Doda walczy ostatnio o zmianę swojego wizerunku. Chce, żeby ludzie zaczęli ją odbierać jako sympatyczną dziewczynę. Nie wychodzi jej to zbyt dobrze - przypomnijmy chociażby ostatni odcinek Gwiazdy tańczą na lodzie, kiedy próbowała zestawić ze sobą zaproszenie na widownię dzieci z fundacji i bluzeczkę z napisem "100 Bitch". Coś nie zagrało...
Osoba odpowiedzialna za jej przemianę (czyli Maja albo jakiś "spec" od PR-u) nie zadbał o to, żeby nowy wizerunek Dody był spójny z tym, co deklarowała niecały rok temu.
W różny sposób się angażuję - mówiła o swoich występach charytatywnych.
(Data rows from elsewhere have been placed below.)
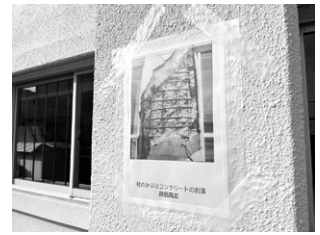
応急危険度ケーススタディ
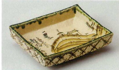
36-3-554 乾山瀨オリベ山水長角盛鉢 4,200円 20×16×5.2cm 20入 02605551

細長皿 128P~ 突出皿 焼物皿 142P~ 仕切皿 のり皿 串焼皿 161P~ 盛皿 166P~ 角皿 (鉢鉢) 174P~
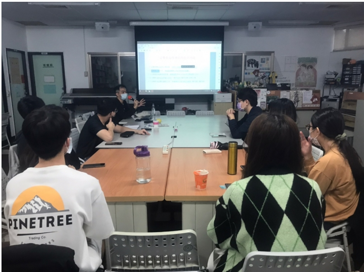
業師和組員講述內容

音樂與音效不是憑空誕生的，業師建議我們應多觀察參考不同類型的作品，其中的音樂音效是如何使用的，再回頭審視自己作品的製作方向，不用拘泥於特定製作方式，無論是素材修改使用亦或是直接錄製想要的音效，只要明確目標並願意學習與嘗試，就能打造出最適合作品的音樂與音效，本次活動共 9 名成員參與。
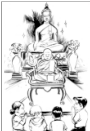
องค์สมเด็จพระสังฆราช พระเจ้าอยู่หัวทรงสถาปนา (แต่งตั้ง)
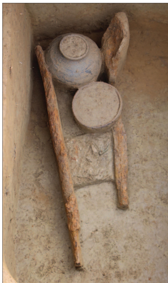
Sl. 4 Grob LT 125
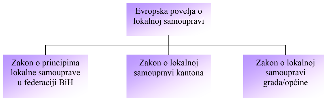
Šema 1: Propisi koji regulišu lokalnu samoupravu u Federaciji Bosne i Hercegovine

Prema definiciji Evropske povelje lokalna samouprava podrazumijeva pravo i osposobljenost lokalnih vlasti da, u granicama zakona, reguliraju i rukovode znatnim dijelom javnih poslova na osnovu vlastite odgovornosti i u interesu lokalnog stanovništva. Prema članu 4. ove Povelje, lokalne vlasti će, u granicama zakona, imati puno diskreciono pravo da provode svoje inicijative u vezi sa svim stvarima koje nisu isključene iz njihove nadležnosti, niti stavljene u nadležnost druge vlasti.
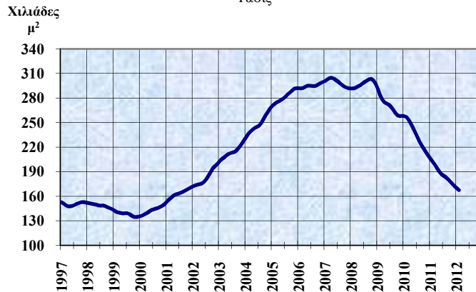
ΑΔΕΙΕΣ ΟΙΚΟΔΟΜΗΣ Τάσις
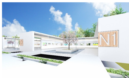
展示エリア 壁面に美術展、舞台芸術など動画、VR、画像を展示

バーチャル日本博 URL https://japanculturalexpo.jp/
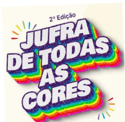
Parceria da JUFRA, Coletivo Empatia Clarifranciscana e o SINFRAJUPE
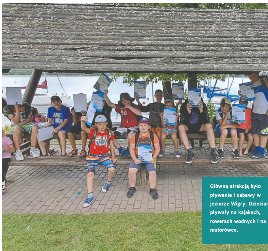
Główną atrakcją było pływanie i zabawy w jeziorze Wigry. Dzieciaki pływały na kajakach, rowerach wodnych i na motorówce.
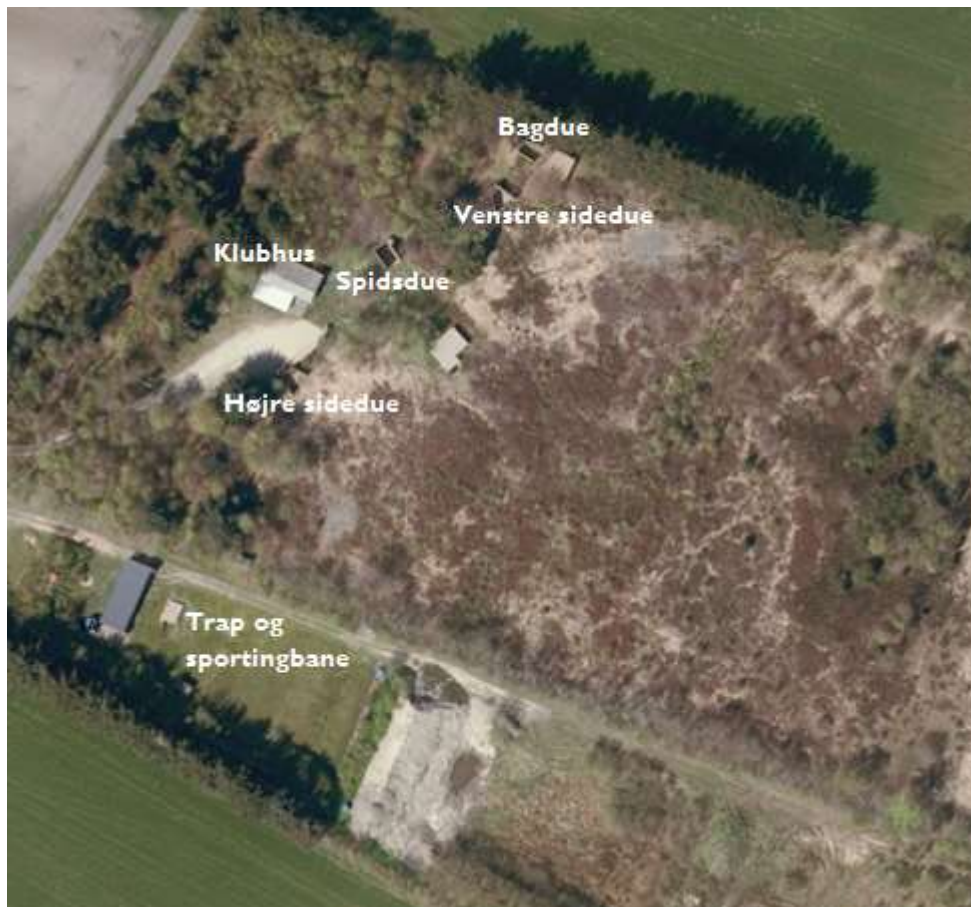
Figur 2: Indretning af skydebanen.

Kastemaskiner er placeret, så der ikke sker nedslag af lerdUER på dyrkede områder. Der stilles vilkår om, at kastemaskiner skal opstilles, så nedslag af lerdUER kun sker på det til skydebanen hørende udyrkede areal samt hovedsagelig inden for det primære nedfaldsområde. Arealet må ikke anvendes til dyrkning. Dette er et standardvilkår.
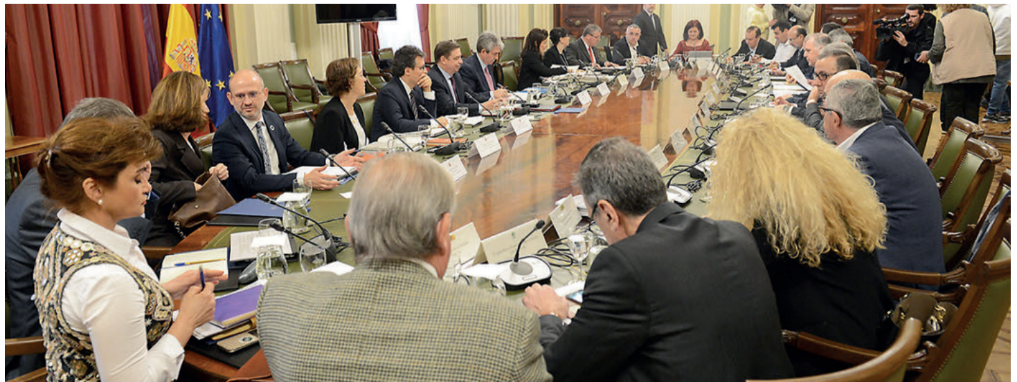
Luis Planas organizó reuniones con representantes de los diferentes eslabones de la cadena agroalimentaria. /VF

del total. Se trata de una previsión que se realiza a principio de cada anualidad, en función de los programas operativos aprobados por las comunidades autónomas, por lo que la ayuda final será aproximadamente del 80%-85% de dicha cifra. En la presente anualidad 2020 la solicitud de ayuda prevista se incrementa un 4% respecto a 2019 y un 19% respecto a la media de los 5 últimos años. Las beneficiarias serían 470 organizaciones de productores repartidas en 15 comunidades autónomas destacando Andalucía, Murcia, Comunidad Valenciana, Cataluña, Aragón y Extremadura. España es el segundo Estado miembro receptor de estas ayudas con el 25% del total de la Unión Europea tras Italia, una ayuda que ha seguido una evolución al alza desde su creación en 1997.
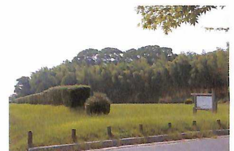
3 蔵司地区官衙 この西側の谷から九州で初めて木簡(文字が書かれた木札)が出土しました。

Nigdy nie odmawiamy z zespołem występów np. w domach dziecka czy szpitalach. Szczerze mówiąc, ciągle jeździmy na czyjeś prośby czy zaproszenia. Ale nie lubię o tym mówić. Podczas takich wizyt nigdy nie ma mediów. *Po co mam pokazywać się w ten sposób? Żeby przypodobać się komuś, jak to robią niektórzy? Nawet nie rozmawiam o tym, co robię dla innych. *To moja osobista sprawa.
Dobre podejście. Fotografowanie się z dziećmi chorymi na raka to żenująca metoda promocji i zbijanie kapitału na cudzym nieszczęściu. Gdyby gwiazdom naprawdę chodziło o dzieci - nie ogłaszałyby tego wszystkim naokoło.
Teraz Dorota zmieniła zdanie, już nie uważa, że takie działanie to próba "przypodobania się komuś". Uznała, że pomaganie dzieciom na pokaz to najlepszy sposób na zyskanie sympatii widzów.
Jutro jadę do szpitala onkologicznego, spotkać się z pewnym cudnym chłopcem - chwali się na swojej stronie. Czuję się niezwykle zaszczycona, że moja osoba może spełnić największe marzenie dziecka.